Robust Three-Dimensional High-Order Solitons and Breathers in Driven Dissipative Systems: A Kerr Cavity Realization

We present a general approach to excite robust dissipative three-dimensional and high-order solitons and breathers in passively driven nonlinear cavities. Our findings are illustrated in the paradigmatic example provided by an optical Kerr cavity with diffraction and anomalous dispersion, with the addition of an attractive three-dimensional parabolic potential. The potential breaks the translational symmetry along all directions, and impacts the system in a qualitatively unexpected manner: three-dimensional solitons, or light bullets, are the only existing and stable states for a given set of parameters. This property is extremely rare, if not unknown, in passive nonlinear systems. As a result, the excitation of the cavity with any input field leads to the deterministic formation of a target soliton or breather, with a spatiotemporal profile that unambiguously corresponds to the given cavity and pumping conditions. In addition, the tuning of the potential width along the temporal direction results in the existence of a plethora of stable asymmetric solitons.

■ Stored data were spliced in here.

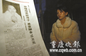 昨日下午,江津區(qū)東門廣場,朱巖出現(xiàn)在記者面前。身穿粉色毛皮外套,駕駛一輛銀灰色轎車,白凈的臉上脂粉未施。見到記者,她有點(diǎn)不好意思:“平時(shí)都有司機(jī)開車,這次自己開,還不太熟練,所以來晚了!彼f,11日來到江津,4天來找遍了江津的各個(gè)角落,希望依然渺茫。
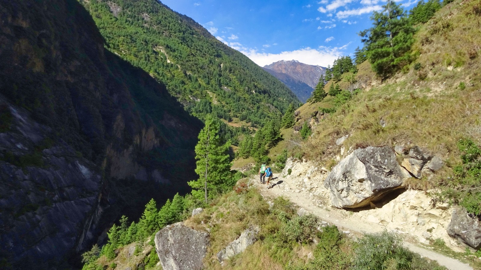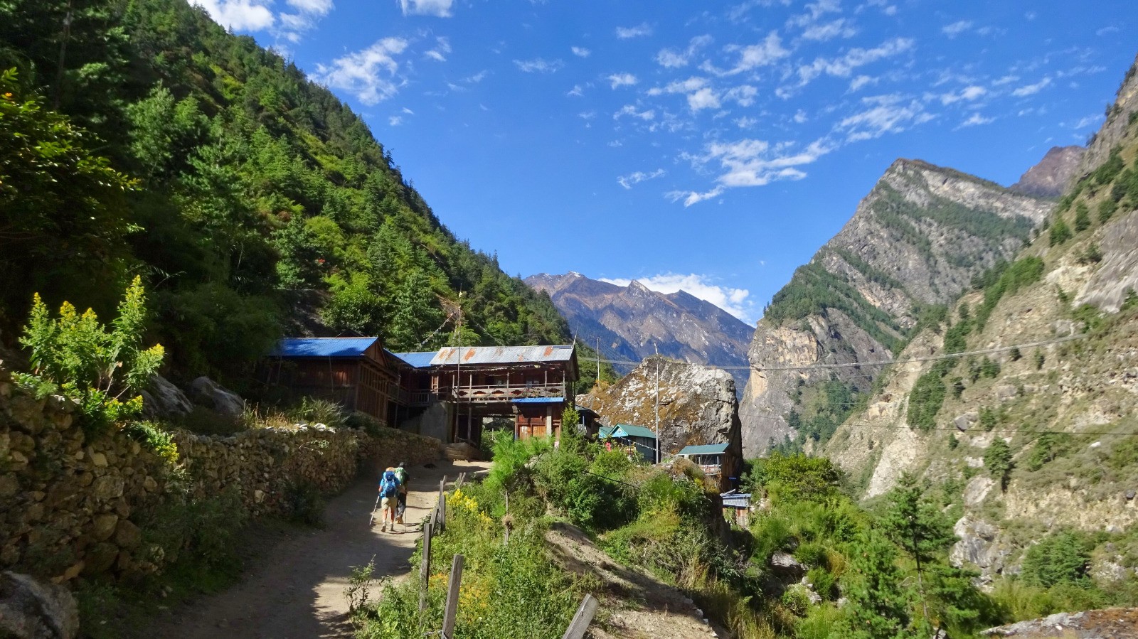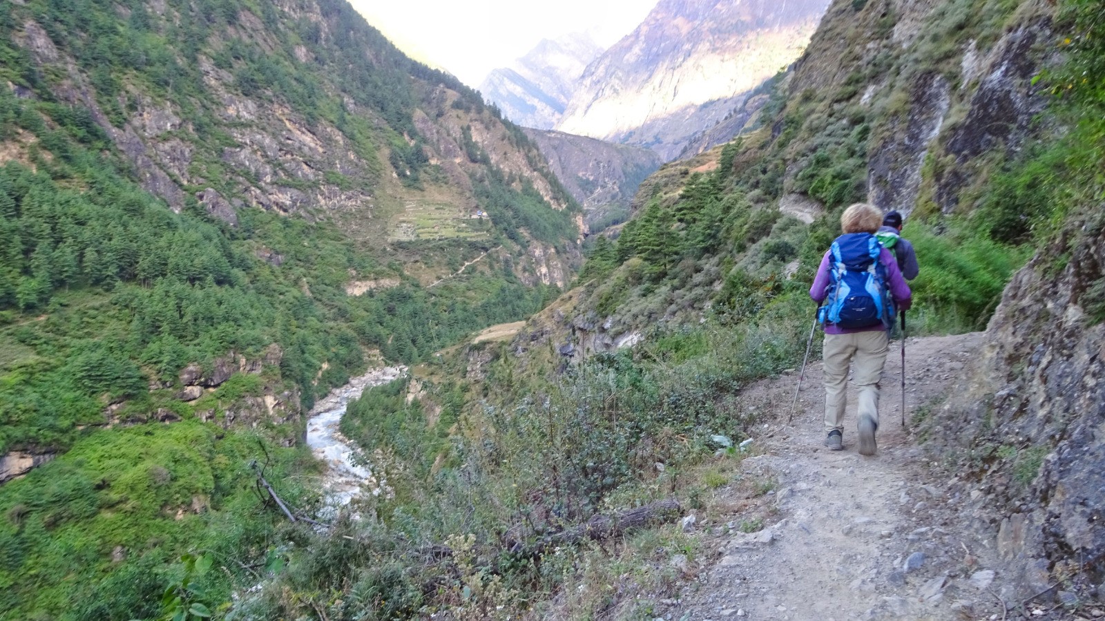 On démarre la journée par un magnifique sentier en balcon sur la rive gauche de la rivière Budhi Gandaki, du plat Népalais, des escaliers, passerelles, et plus surprenant des plants de cannabis en bordure du chemin.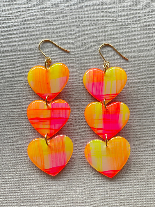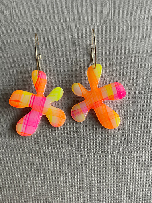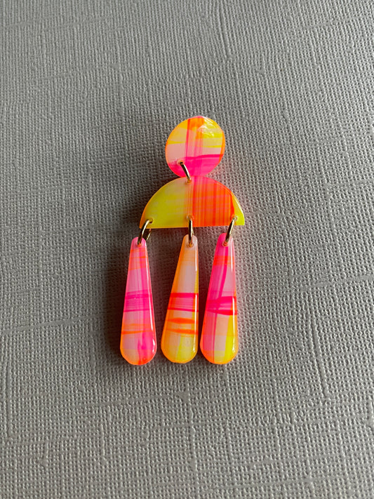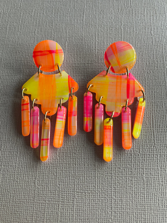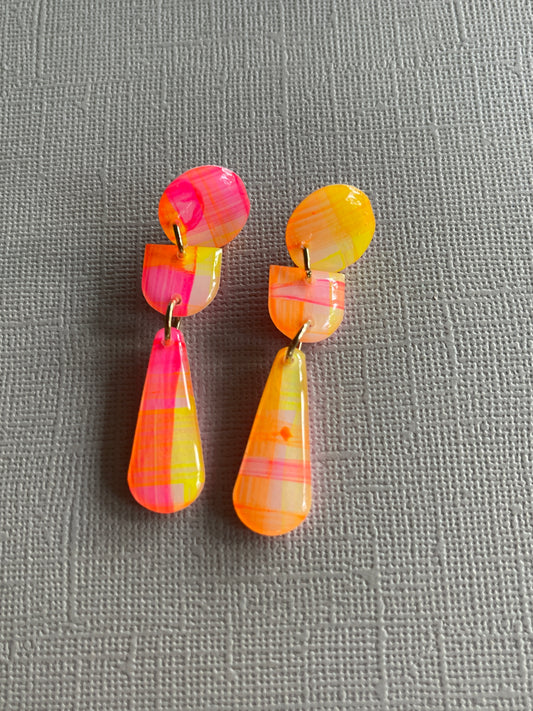 One of a kind earrings made from hand painted neon acrylics in classic Rainbow Resins colours of pink, orange and yellow, sealed with high quality resins. Each piece is made to order if not already available in stock.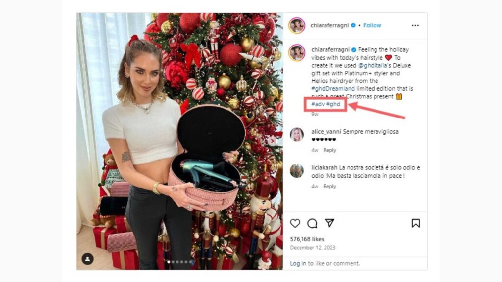 Additionally, look for influencers who use hashtags that are relevant to your campaigns. For instance, fashion influencer Chiara Ferragni uses #adv (advertising) and #ghd (good hair day) hashtags in this campaign.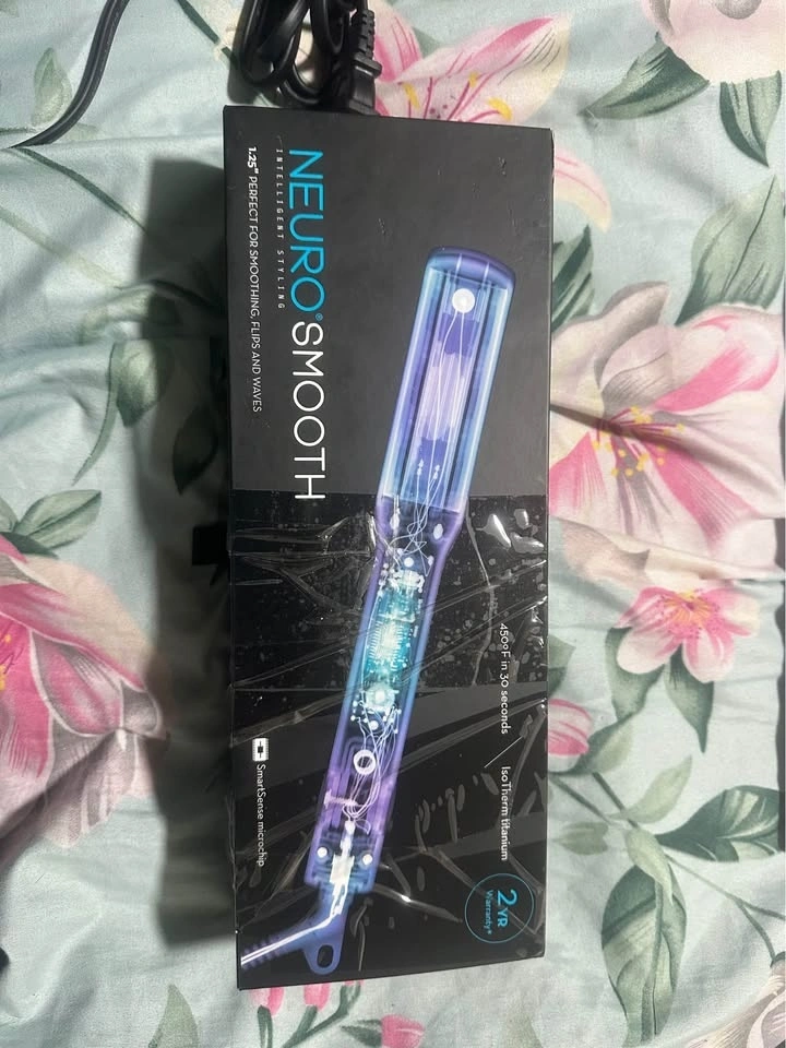 New Paul Mitchell Neuro Smooth flat iron. This is the 1.25 inch model NS12NAS. Has IsoTherm titanium plates and SmartSense microchip. Heats up to 450°F in just 30 seconds. Comes with original box and a small Neuro Style Protect spray.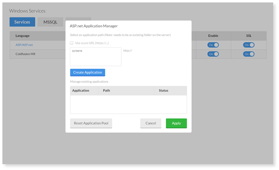 Nëse ke aplikacione ASP.NET, do të nevojitet akses për të krijuar/menaxhuar aplikacionet e tua ASP.NET në sistemet Windows.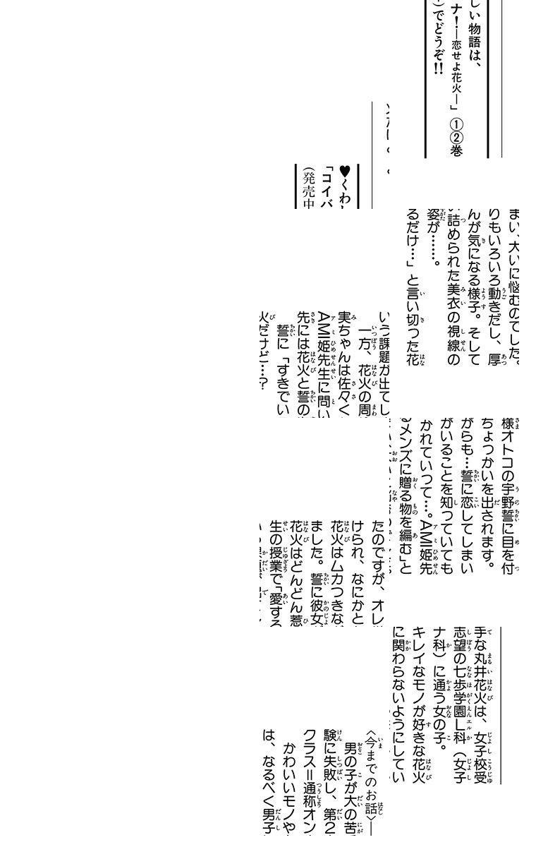 男の子が大の苦手な丸井花火。受験に失敗して入った高校は、なんと男7対女1のほぼ男子校!! 女の子だけに囲まれて、平和に過ごしたかったのに、オレ様オトコの宇野誓に目をつけられて…花火の受難の日々が今始まる!!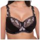 Ladies Gemm Black With Pink Floral & Heart Embroidery Satin & Lace Plus Size Bra in D - J Cup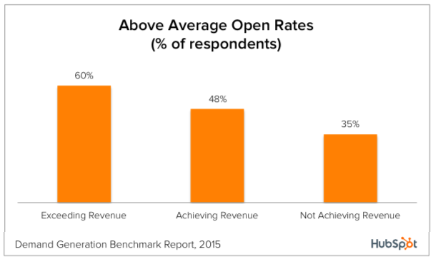 60% of those exceeding their revenue goals had an above-average open rate, while the same was true for only 48% of those achieving their revenue goals and 35% of those not achieving their goals.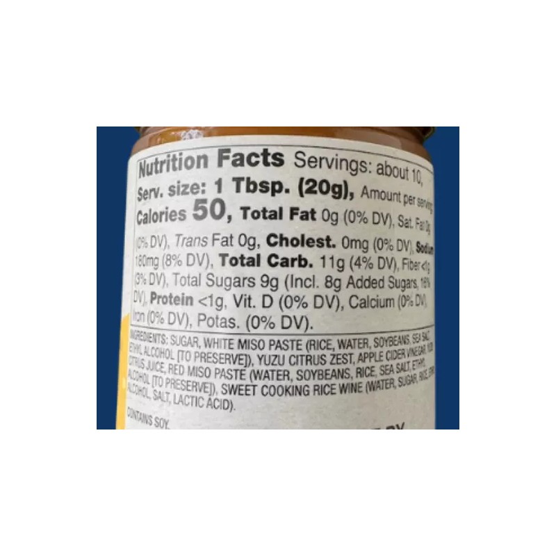 - SUGAR WHITE MISO PASTE (RICE, WATER, SOYBEANS, SEA SALT, ETHYL ALCOHOL [TO PRESERVE]) YUZU CITRUS ZEST APPLE CIDER VINEGAR YUZU CITRUS JUICE RED MISO PASTE (WATER, SOYBEANS, RICE, SEA SALT, ETHYL ALCOHOL [TO PRESERVE]) SWEET COOKING RICE WINE (WATER, SUGAR, RICE, ETHYL ALCOHOL, SALT, LACTIC ACID)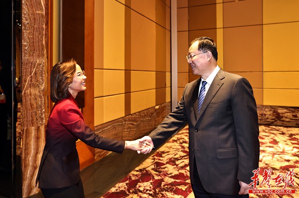 苹帕达·威猜军高度赞赏中国及湖南的发展成就。她说,“泰中一家亲”,泰中地缘相近、人缘相亲、产业相融,合作潜力无限。泰方将积极响应中国“一带一路”倡议,希望与湖南在装备制造、贸易投资、新能源、人文旅游等领域深化交流合作,共同助力泰中命运共同体建设。

Our results may provide a solid route toward the observation of dissipative light bullets and three-dimensional breathers.

Automated summary

This study presents a general approach to exciting stable dissipative three-dimensional and high-order solitons and breathers in passively driven nonlinear cavities. A paradigmatic example is used to illustrate the findings, showing that three-dimensional solitons or light bullets are the only stable states that exist under specific parameters. This rare property in passive nonlinear systems allows for deterministic formation of target solitons or breathers.